А тут под Новый год собрались они целой компанией — человек восемь. Все молодежь, хороший народ. Один только мне не понравился. Который с гитарой. Гитара вся в бантах. А у самого брови подбриты, как у девчонки; волосы завитые, как у девчонки; лицо напудренное, как у девчонки. И зовут его как-то не по-человечески — там Васей или Петей, а — Альберт. Он вертится, старается всех рассмешить и сам таким противным хохотком заливается: «Хе-хе-хе…»
Аккурат я в тот вечер дежурила с девяти вечера до часу. И я еще была на посту, когда обратно прошли мои голубчики, то есть Коля и Тоня. Я на них смотрю и глазам не верю. То всегда они ходили под ручку, склонившись друг к другу — так, знаете, треугольником. А тут он идет впереди, она — сзади. И лицо у него сердитое, говорит злым голосом:
— А чего ты-то оттуда ушла? Пожалуйста, танцевала бы со своим Альбертом вволю!..
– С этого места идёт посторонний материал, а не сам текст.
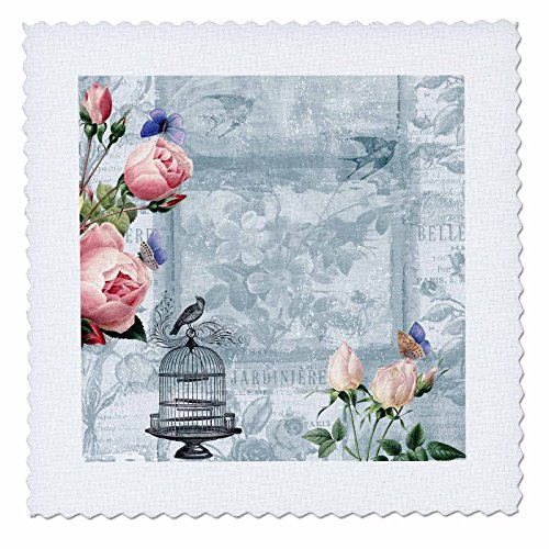 3dRose qs_123582_5 Roses and Bird Cage Vintage Floral Quilt Square, 14 by 14-Inch

— Коля, я ведь с ним всего два разочка протанцевала. Не могу же я всем говорить, что я — только с тобой…
— Если тебе мало, возвращайся назад и танцуй еще двадцать раз!
— Коля, ну за что ты меня мучаешь?!
— Нет, это ты меня мучаешь!
«Ну, — думаю, — картина известная: ревность номер семь без привода в отделение». И так мне их жалко, хочется даже помочь. А как? Разве милиция имеет право вмешиваться в тихую ревность? Вот если буйная стадия, тогда — да. Тогда мы можем ликвидировать. Например, разве тот же Отелло успел бы задушить эту свою Дездемону, если бы на острове Кипр милиция работала нормально? Да ни за что!..
Но это дело — давнишнее. Нашего отделения Отелло не касается. А вот Коля с Тоней — те просто у меня на глазах допускают ненормальности. Я смотрю, они, не прощаясь, — в разные стороны. Она идет-идет и обернется на него поглядеть. А он идет, не оглядываясь. А за угол зашел, притаился и смотрит на нее… Ох, и народ — эти мужчины! Мне на посту все видно!
На другой день ровно в восемь заявилась она на сквер. Походила-походила, посидела-посидела — нет его… Так и ушла ни с чем. А в девять он заявляется. Тоже ходит, вздыхает, со скамейки на скамейку пересаживается… И тоже ушел, не солоно хлебавши.
И назавтра в восемь она опять пришла. И можете представить: пока она горюет на своей скамейке, подходит тот самый Альберт, который еще с гитарой. Увидел Тоню, подсел, кудрями трясет, туфли на нем на манер сбруи с бляхами. Так и рассыпается перед Тоней.
Вижу, Тоня вся затряслась: не дай бог Коля сейчас покажется, увидит ее с этим фертом… Она оглядывается по сторонам, отвечает без интереса. «Да. Нет. Необязательно…» Потом вскочила, говорит:
— Ну, до свидания, я очень тороплюсь…
И убежала. Вовремя убежала: только после нее Альберт убрался со сквера, с другой стороны подошел, значит, сам Коля.
И вот они, знаете, целых шесть дней ходили по скверу так вот, вразбивку. Она уйдет, он придет. Она уйдет, он придет… А я смотрю и думаю: «Как мне теперь это движение отрегулировать?»
Хорошо. И вот, значит, на седьмой день появляется моя Тоня. Личность совсем расстроенная. Шагает, вздыхает, делает проверку всем скамейкам… Ну, думаю, была не была, вмешаюсь я в это дело!
— Гражданочка, — говорю, — можно вас на минуточку?
— А что такое?
— Я, конечно, извиняюсь, но мне даже при исполнении служебных обязанностей жалко этого парня, которого вы мучаете.
Она говорит:
— Какого парня?
— Конечно, я говорю про вашего Колю.
Вижу, Тоня моя краснеет, как флаг, и бормочет:
— Это он меня мучает, а не я его…
— Не отрицаю. Он с вами в свою очередь обращается не как положено. На это ему милиция укажет. Но имейте в виду, что он вот уже шесть суток ходит сюда на сквер, как часы.
— Из-за меня?!
— Нет, скорее всего из-за Альберта…
Она опять покраснела и просит:
— Товарищ милиционер! Посоветуйте мне, как девушка: что же мне теперь делать?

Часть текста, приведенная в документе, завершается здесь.